Despite the impression among Marylanders who watched The Keepers, a documentary on Netflix, the truth is Maryland lawmakers and the Catholic Church crafted an extension to Maryland’s statute of limitations to help the Church avoid any liability for past crimes and to severely limit the Church’s liability going forward.

As I recently wrote in Sanford Heisler Sharp's “Working for Justice,” the extension to Maryland’s statute of limitations does not apply to victims whose abuse occurred before October 1, 2010. Moreover, the legal hurdles in the new law essentially limit any clergy abuse victim from bringing a claim seven years after their 18th birthday.
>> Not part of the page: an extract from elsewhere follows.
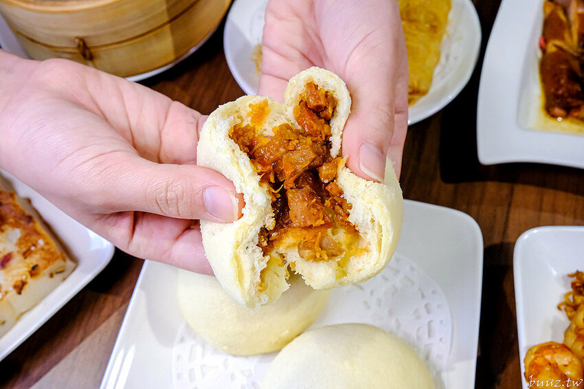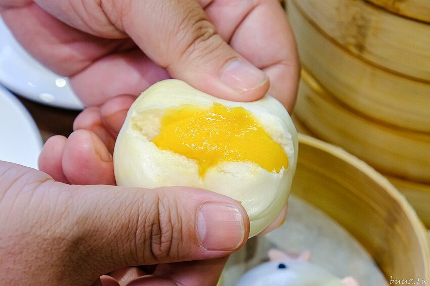 蓬鬆的包子,裡頭是鹹蛋黃與奶油的奶皇餡料,吃起來有著濃厚的鹹蛋黃奶香滋味,而且雙手剝開就能吃到爆漿的奶皇餡,非常推薦~

Because many sexually abused children disclose their sexual abuse after their 25th birthday (and oftentimes in their 30s or 40s), Maryland’s statute of limitations for these victims’ claims currently weigh the protection of the Catholic Church and its pedophile priests over the protection of children and adults abused as children.

The Catholic Church’s power in Maryland is virtually unparalleled. Maryland has hosted one of the few worldwide centers—Saint Luke Institute—where pedophile priests spent days or weeks “healing” before being reassigned to parishes, who were not informed of their history of abuse. To date, the Church has resisted every attempt made by victims to have records regarding pedophile priests turned over from Saint Luke Institute. The Church has also refused to report to the authorities disclosures of child sex abuse at Saint Luke Institute, as required by Maryland law, arguing that the disclosures are protected by the confessor privilege.

Maryland’s Archdiocese attempts to paint itself as charitable by offering victims whose claims are barred a “confidential” mediation process whereby victims are offered a small amount of money in exchange for agreeing to drop their claim(s) and to not seek to compel the Catholic Church to provide any records or other information about their abuse or its cover-up.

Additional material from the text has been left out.